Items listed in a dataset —
--------------------------------------------------

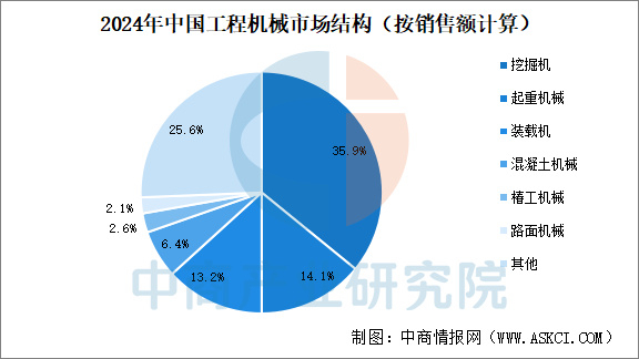 中国工程机械销售市场主要以挖掘机、起重机械、装载机为主。2024年中国挖掘机、起重机械、装载机销售额占比分别为35.9%、14.1%、13.2%。混凝土机械、椿工机械、路面机械销售额占比分别为6.4%、2.6%、2.1%。
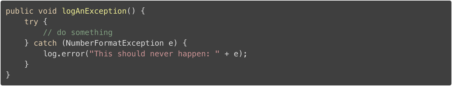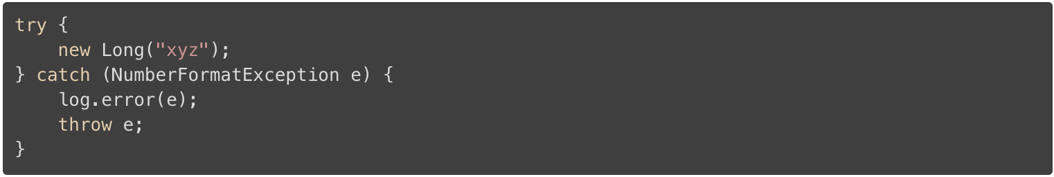 这可能是该文章中最常被忽略的最佳实践。 你可以找到很多的其中有一个异常被捕获的代码片段,甚至是一些代码库,被记录和重新抛出。
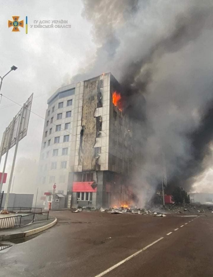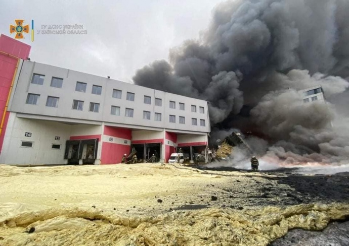 Дословно: "Киевская область, Бучанский район: в с. Чайки в результате попадания снаряда в складское помещение по изготовлению и хранению монтажной пены произошло возгорание склада на площади 10 000 м кв и 8-этажного административного здания".
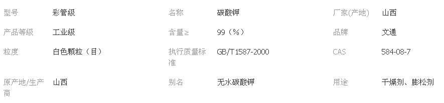 碳酸鉀,白色結(jié)晶粉末。密度2.428g/cm3。熔點(diǎn)891℃,溶于水,碳酸鉀水溶液呈堿性吸濕性強(qiáng)
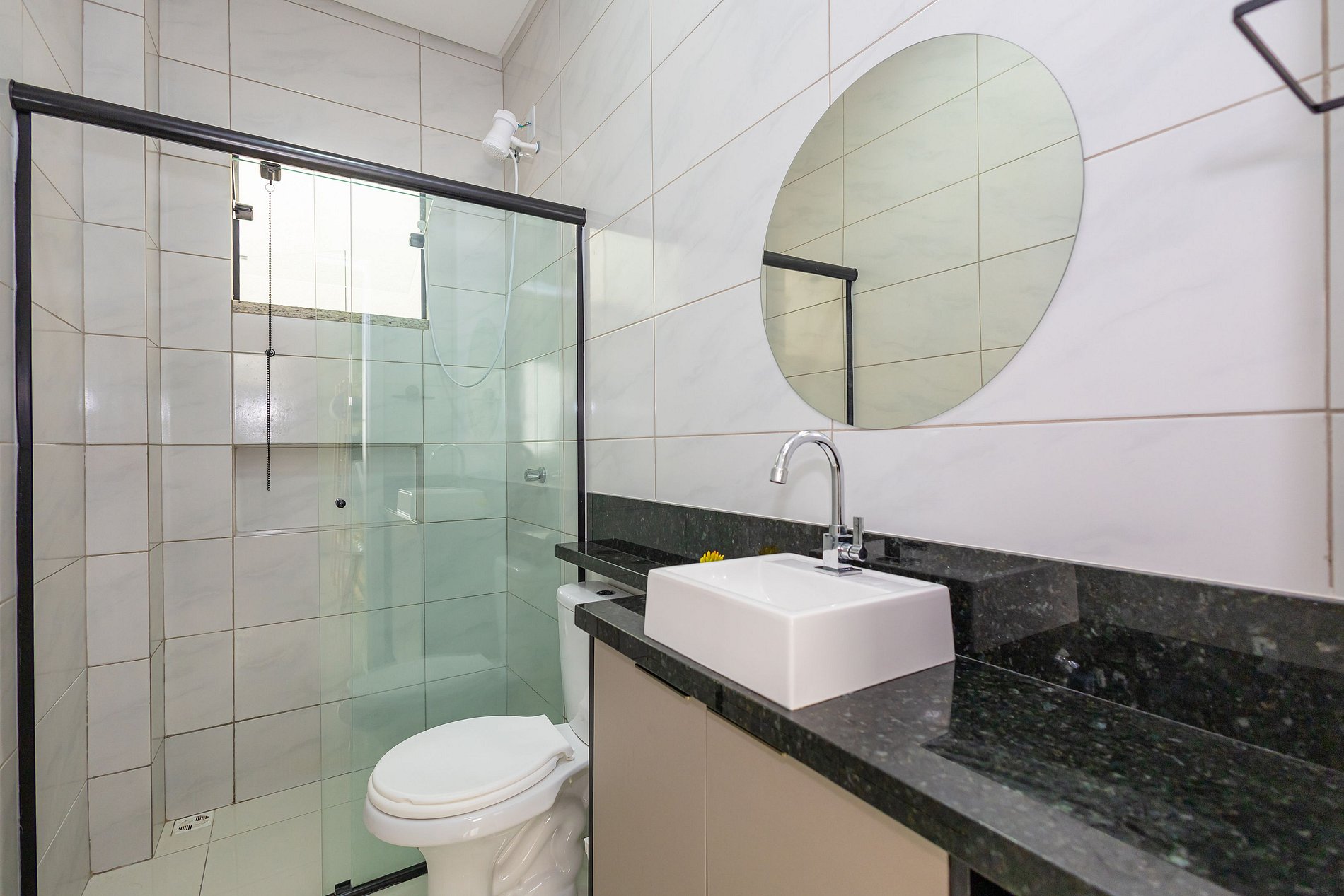• O imóvel dispõe de 2 banheiros, sendo 1 da suíte, ambos com água quente, para maior conforto dos hóspedes.

--------------------------------------------------

PROBLEM TO WORK ON — Print the entries again exactly as they appear above. Do not print the pictures.

TASK OUTPUT —
 中国工程机械销售市场主要以挖掘机、起重机械、装载机为主。2024年中国挖掘机、起重机械、装载机销售额占比分别为35.9%、14.1%、13.2%。混凝土机械、椿工机械、路面机械销售额占比分别为6.4%、2.6%、2.1%。
 这可能是该文章中最常被忽略的最佳实践。 你可以找到很多的其中有一个异常被捕获的代码片段,甚至是一些代码库,被记录和重新抛出。
 Дословно: "Киевская область, Бучанский район: в с. Чайки в результате попадания снаряда в складское помещение по изготовлению и хранению монтажной пены произошло возгорание склада на площади 10 000 м кв и 8-этажного административного здания".
 碳酸鉀,白色結(jié)晶粉末。密度2.428g/cm3。熔點(diǎn)891℃,溶于水,碳酸鉀水溶液呈堿性吸濕性強(qiáng)
• O imóvel dispõe de 2 banheiros, sendo 1 da suíte, ambos com água quente, para maior conforto dos hóspedes.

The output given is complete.